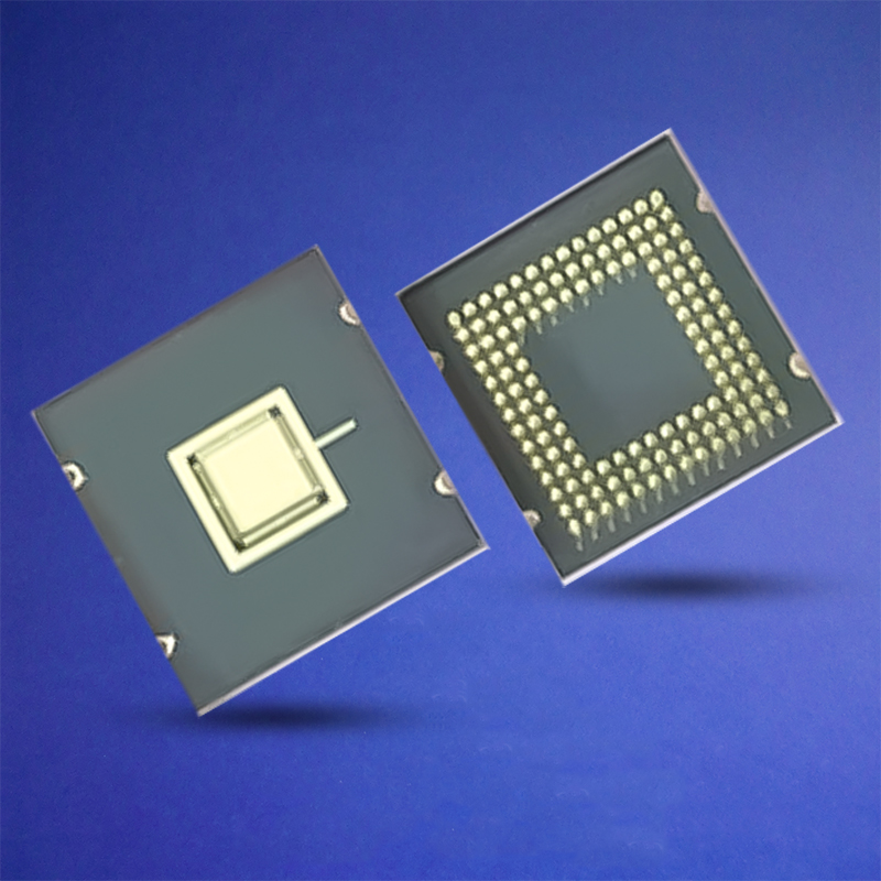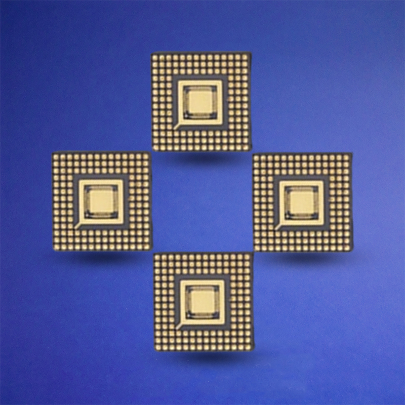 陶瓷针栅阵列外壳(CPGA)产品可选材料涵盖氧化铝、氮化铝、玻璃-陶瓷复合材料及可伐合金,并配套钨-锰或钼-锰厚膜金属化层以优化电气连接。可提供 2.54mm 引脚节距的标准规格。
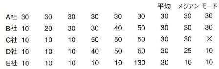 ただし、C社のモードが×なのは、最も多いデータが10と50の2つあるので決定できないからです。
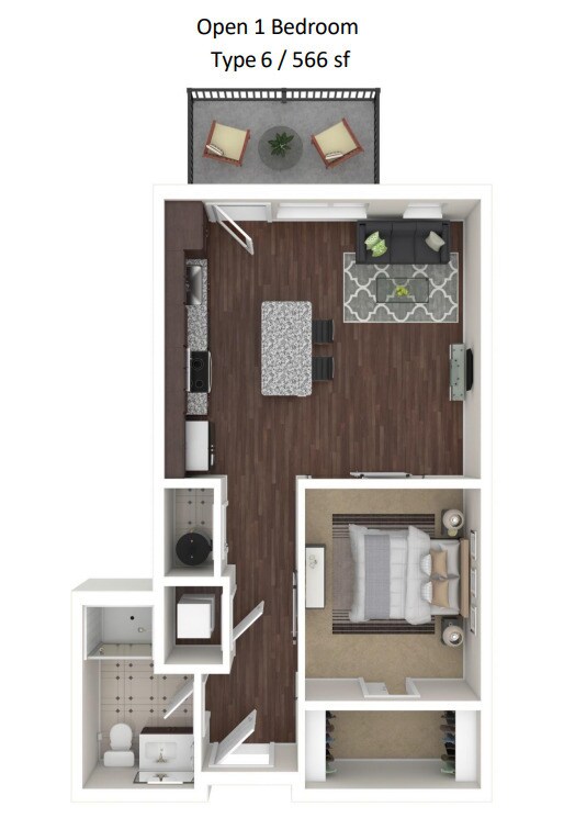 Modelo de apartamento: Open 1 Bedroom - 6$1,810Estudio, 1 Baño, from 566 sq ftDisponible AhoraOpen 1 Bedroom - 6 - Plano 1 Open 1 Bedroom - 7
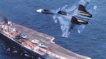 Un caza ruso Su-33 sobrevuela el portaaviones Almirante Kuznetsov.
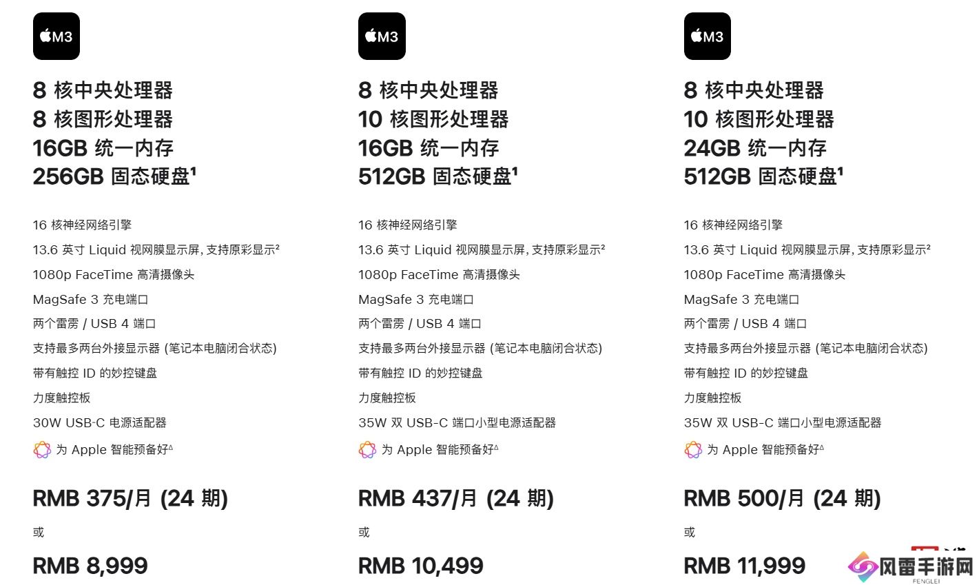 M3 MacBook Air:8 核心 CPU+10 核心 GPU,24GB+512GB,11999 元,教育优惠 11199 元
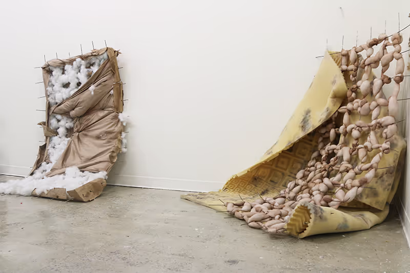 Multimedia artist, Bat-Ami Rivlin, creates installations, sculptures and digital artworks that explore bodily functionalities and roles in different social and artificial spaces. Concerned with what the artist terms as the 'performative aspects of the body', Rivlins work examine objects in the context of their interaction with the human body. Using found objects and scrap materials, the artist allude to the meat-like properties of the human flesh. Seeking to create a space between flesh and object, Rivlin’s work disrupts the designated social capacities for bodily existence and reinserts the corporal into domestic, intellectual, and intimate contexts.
▬▬▬
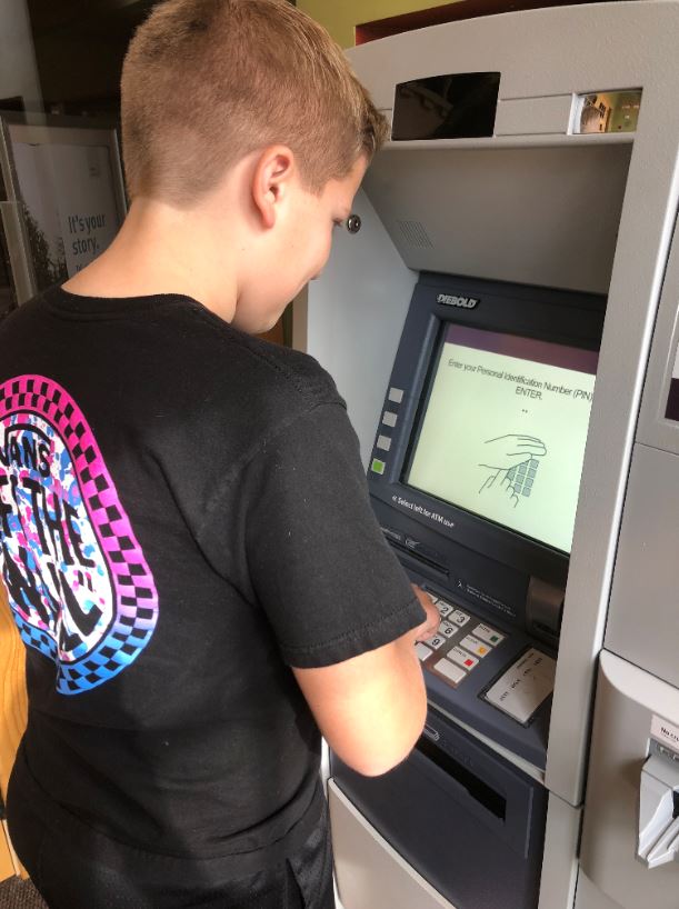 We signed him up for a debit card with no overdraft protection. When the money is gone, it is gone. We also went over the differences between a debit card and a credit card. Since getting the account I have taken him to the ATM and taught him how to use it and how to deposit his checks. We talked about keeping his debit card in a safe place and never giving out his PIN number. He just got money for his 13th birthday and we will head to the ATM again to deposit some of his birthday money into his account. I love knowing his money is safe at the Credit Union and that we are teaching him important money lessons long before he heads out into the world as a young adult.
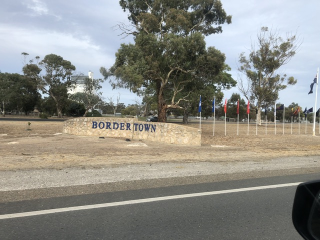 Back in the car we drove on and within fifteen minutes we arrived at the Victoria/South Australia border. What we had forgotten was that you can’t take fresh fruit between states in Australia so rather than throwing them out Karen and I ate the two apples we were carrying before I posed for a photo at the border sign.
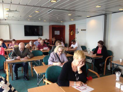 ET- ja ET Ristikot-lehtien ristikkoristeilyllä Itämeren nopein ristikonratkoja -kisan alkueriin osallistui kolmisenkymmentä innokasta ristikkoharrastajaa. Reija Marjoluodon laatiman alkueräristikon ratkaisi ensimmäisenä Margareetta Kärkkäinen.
▬▬▬
> **WHAT YOU WILL DO**
Extract the part of the records that opens with the line containing "Un caza ruso" and closes with the line containing "Multimedia artist, Bat-Ami". Take only those lines, exactly, and no pictures.

> **REPLY**
 Un caza ruso Su-33 sobrevuela el portaaviones Almirante Kuznetsov.
 M3 MacBook Air:8 核心 CPU+10 核心 GPU,24GB+512GB,11999 元,教育优惠 11199 元
 Multimedia artist, Bat-Ami Rivlin, creates installations, sculptures and digital artworks that explore bodily functionalities and roles in different social and artificial spaces. Concerned with what the artist terms as the 'performative aspects of the body', Rivlins work examine objects in the context of their interaction with the human body. Using found objects and scrap materials, the artist allude to the meat-like properties of the human flesh. Seeking to create a space between flesh and object, Rivlin’s work disrupts the designated social capacities for bodily existence and reinserts the corporal into domestic, intellectual, and intimate contexts.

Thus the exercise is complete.